[Available data]:

►

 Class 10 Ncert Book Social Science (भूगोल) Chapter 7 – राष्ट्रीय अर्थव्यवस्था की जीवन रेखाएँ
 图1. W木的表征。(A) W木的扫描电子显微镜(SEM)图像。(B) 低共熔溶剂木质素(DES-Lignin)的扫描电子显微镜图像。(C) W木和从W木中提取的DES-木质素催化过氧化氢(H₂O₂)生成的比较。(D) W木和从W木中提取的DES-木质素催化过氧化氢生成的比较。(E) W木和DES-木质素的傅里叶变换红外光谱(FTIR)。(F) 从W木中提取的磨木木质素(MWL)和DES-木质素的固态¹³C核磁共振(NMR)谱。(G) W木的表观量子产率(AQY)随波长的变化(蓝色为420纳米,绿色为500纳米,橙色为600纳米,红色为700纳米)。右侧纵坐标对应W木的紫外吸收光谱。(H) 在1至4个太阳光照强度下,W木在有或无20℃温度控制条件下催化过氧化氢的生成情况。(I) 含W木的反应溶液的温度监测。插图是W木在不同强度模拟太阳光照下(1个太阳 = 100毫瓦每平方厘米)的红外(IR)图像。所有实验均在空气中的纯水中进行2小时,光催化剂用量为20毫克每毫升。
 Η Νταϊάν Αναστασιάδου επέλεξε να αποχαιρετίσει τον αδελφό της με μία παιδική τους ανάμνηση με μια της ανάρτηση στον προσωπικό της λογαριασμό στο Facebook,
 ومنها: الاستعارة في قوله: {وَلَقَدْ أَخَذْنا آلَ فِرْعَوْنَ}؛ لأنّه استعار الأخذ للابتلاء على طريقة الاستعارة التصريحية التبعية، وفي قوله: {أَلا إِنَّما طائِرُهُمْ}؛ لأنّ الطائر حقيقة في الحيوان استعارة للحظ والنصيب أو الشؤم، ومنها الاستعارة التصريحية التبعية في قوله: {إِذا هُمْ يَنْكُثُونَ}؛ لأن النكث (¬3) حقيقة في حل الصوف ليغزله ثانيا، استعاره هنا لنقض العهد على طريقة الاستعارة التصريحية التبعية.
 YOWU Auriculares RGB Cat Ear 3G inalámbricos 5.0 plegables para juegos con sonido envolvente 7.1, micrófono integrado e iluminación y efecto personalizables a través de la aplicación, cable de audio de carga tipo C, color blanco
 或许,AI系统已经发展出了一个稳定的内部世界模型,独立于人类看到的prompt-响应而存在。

◄
►

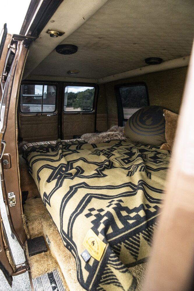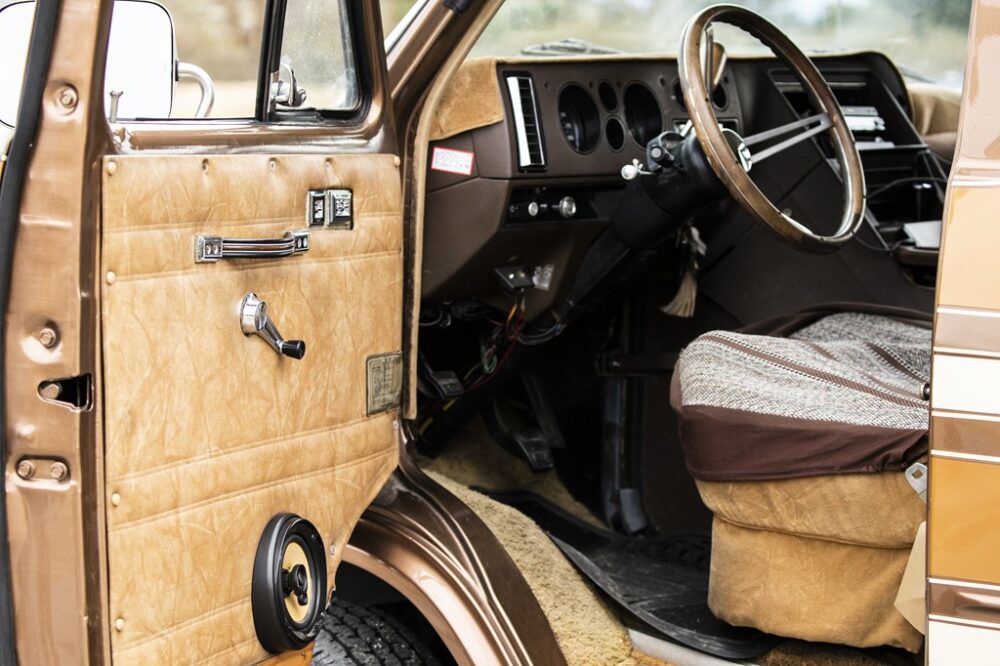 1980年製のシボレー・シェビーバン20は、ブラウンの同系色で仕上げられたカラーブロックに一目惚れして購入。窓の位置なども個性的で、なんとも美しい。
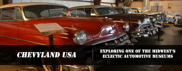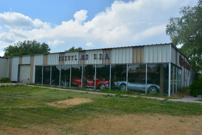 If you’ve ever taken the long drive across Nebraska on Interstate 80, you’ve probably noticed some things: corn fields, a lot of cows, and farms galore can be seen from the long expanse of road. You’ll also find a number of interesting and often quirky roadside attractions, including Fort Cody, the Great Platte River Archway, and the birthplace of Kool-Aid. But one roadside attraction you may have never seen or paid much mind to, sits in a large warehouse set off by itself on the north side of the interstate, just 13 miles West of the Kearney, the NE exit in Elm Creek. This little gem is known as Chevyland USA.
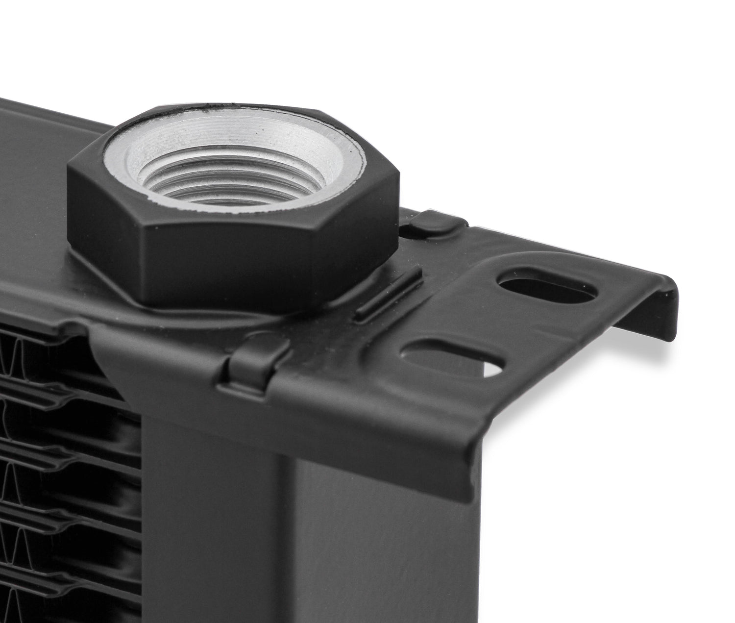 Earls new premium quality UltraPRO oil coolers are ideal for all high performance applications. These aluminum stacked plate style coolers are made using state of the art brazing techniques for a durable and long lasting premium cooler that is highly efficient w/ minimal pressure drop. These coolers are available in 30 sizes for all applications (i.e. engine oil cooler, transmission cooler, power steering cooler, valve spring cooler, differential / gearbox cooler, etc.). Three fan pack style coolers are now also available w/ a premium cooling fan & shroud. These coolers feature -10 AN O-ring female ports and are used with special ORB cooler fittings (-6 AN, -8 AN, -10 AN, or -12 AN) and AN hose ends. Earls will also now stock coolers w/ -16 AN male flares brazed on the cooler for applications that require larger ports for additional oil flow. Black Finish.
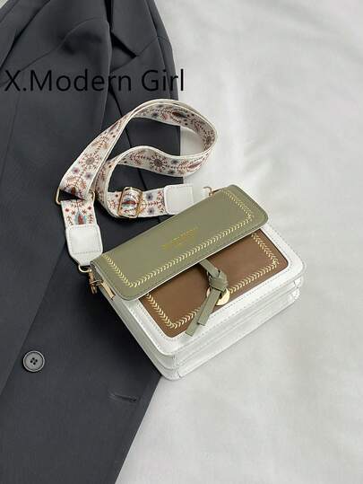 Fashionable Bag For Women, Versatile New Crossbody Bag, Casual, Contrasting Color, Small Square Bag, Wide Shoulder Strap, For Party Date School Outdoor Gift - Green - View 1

◄
►

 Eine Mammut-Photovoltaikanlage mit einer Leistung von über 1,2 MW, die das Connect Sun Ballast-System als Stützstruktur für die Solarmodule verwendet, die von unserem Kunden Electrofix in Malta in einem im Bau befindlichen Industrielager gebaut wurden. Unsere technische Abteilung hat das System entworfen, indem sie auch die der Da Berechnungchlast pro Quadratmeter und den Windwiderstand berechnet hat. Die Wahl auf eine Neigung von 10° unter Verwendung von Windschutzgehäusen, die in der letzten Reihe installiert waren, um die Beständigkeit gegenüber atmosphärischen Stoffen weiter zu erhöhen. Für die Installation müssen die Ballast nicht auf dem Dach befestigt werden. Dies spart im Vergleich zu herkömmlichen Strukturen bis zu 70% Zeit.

◄

[What you need to do]: An exact, complete copy of the lines above from the one with "图1. W木的表征。(A) W木的扫描电子显微镜(SEM)图像。(B)" through the one with "Η Νταϊάν Αναστασιάδου" is the whole answer.

[Answer]:
 图1. W木的表征。(A) W木的扫描电子显微镜(SEM)图像。(B) 低共熔溶剂木质素(DES-Lignin)的扫描电子显微镜图像。(C) W木和从W木中提取的DES-木质素催化过氧化氢(H₂O₂)生成的比较。(D) W木和从W木中提取的DES-木质素催化过氧化氢生成的比较。(E) W木和DES-木质素的傅里叶变换红外光谱(FTIR)。(F) 从W木中提取的磨木木质素(MWL)和DES-木质素的固态¹³C核磁共振(NMR)谱。(G) W木的表观量子产率(AQY)随波长的变化(蓝色为420纳米,绿色为500纳米,橙色为600纳米,红色为700纳米)。右侧纵坐标对应W木的紫外吸收光谱。(H) 在1至4个太阳光照强度下,W木在有或无20℃温度控制条件下催化过氧化氢的生成情况。(I) 含W木的反应溶液的温度监测。插图是W木在不同强度模拟太阳光照下(1个太阳 = 100毫瓦每平方厘米)的红外(IR)图像。所有实验均在空气中的纯水中进行2小时,光催化剂用量为20毫克每毫升。
 Η Νταϊάν Αναστασιάδου επέλεξε να αποχαιρετίσει τον αδελφό της με μία παιδική τους ανάμνηση με μια της ανάρτηση στον προσωπικό της λογαριασμό στο Facebook,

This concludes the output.